Standard FERS retirement computation
The formula used to calculate your annuity is simple:
0.01 X the average of your highest three consecutive years of basic pay (your “high-3) X your years of creditable service, with full months past the last full year credited proportionately
If you retire at age 62 with at least 20 years of service, the following formula is used:
0.011 X your “high-3” X your years of creditable service, with full months past the last full year credited proportionately
Note: While unused can’t be used to increase your years of service and make you eligible to retire, it will be added to your years of service after you’ve become eligible.
The high-3 is an average of your highest rates of basic pay over any three consecutive years of creditable civilian service, with each pay rate weighted by the length of time it was received. That three-year period starts and ends on the dates that produce the highest average pay. If you are like most federal employees, your highest three years of basic pay will be the 36 months (to be completely precise, the 78 pay periods) immediately before the day on which you retire.
Special category FERS retirement computation
The rules for special category employees, such as law enforcement officers and firefighters are different than the ones for all other federal employees. If you are one of those, you can retire:
At age 50 with 20 years of covered service or
At any age with 25 years of service
Your annuity will be computed using an enhanced formula: 0.17 x your high-3 x 20 years of covered service, plus 0.01 times all additional years and full months of service.
The FERS special retirement supplement
The special retirement supplement (SRS) approximates the Social Security benefit you earned while a FERS employee. It will remain fixed at its original dollar amount until age 62 when you first become eligible for a regular Social Security benefit. Whether you apply for a Social Security benefit at that time or not is up to you. In either case the SRS payment will end. FYI: If you exceed the Social Security earnings limit while you are receiving the SRS, your SRS will be reduced or eliminated.
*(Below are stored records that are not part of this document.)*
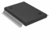
ML9272MBZ03A Rohm Semiconductor IC VFD DRIVER 40 BIT 60SSOP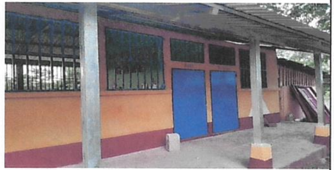
SUSTITUCIÓN DE PUERTAS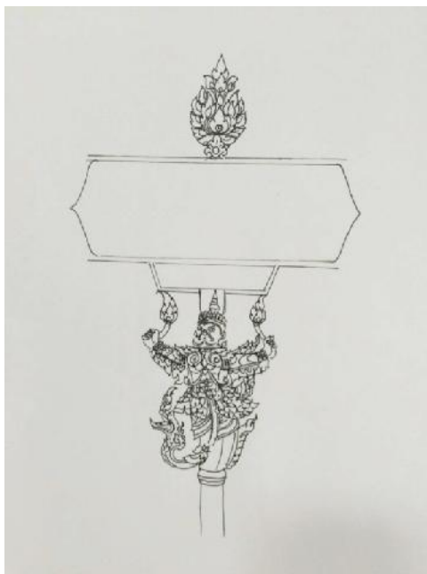
ภาพที่ 6 ภาพแบบร่างป้ายบอกชื่อยแบบที่ 1 ที่มา : ภาพร่างโดย นภดล สังวาลเพชรเมื่อวันที่ 10 เดือน พฤษภาคม พ.ศ. 2559

วารสารสวนสุนันทาวิชาการและวิจัย Suan Sunandha Academic & Research Review

Note: If you are a special category employee who retires before reaching your MRA, you won’t be subject to the Social Security earnings limit until you reach your MRA. In other words, you can earn as much as you want during that window.
COLAs are paid to:
• regular retirees age 62 or older;
• law enforcement officers, firefighters, and air traffic controllers;
• disability retirees;
• military reserve technicians age 50 with 25 years of service if they lost their military status due to medical reasons; and
• special CIA employees.
Note: For retirements from occupations subject to mandatory retirement, including law enforcement officers, firefighters and air traffic controllers, COLAs are paid regardless of whether the person worked up to mandatory retirement age or retired earlier.
If you retired before age 62, regardless of the month in which you turn age 62 your annuity will be increased by the full FERS COLA paid in January of the next year.
FYI: FERS COLAs are not always the same as CSRS COLAs. If the annual percentage increases by 2 percent or less, the FERS adjustment will equal the increase given to CSRS retirees, If it increases by 2 to 3 percent, it will be no more than 2 percent. And if it increases by 3 percent or more, it will equal the CSRS increase minus 1 percent.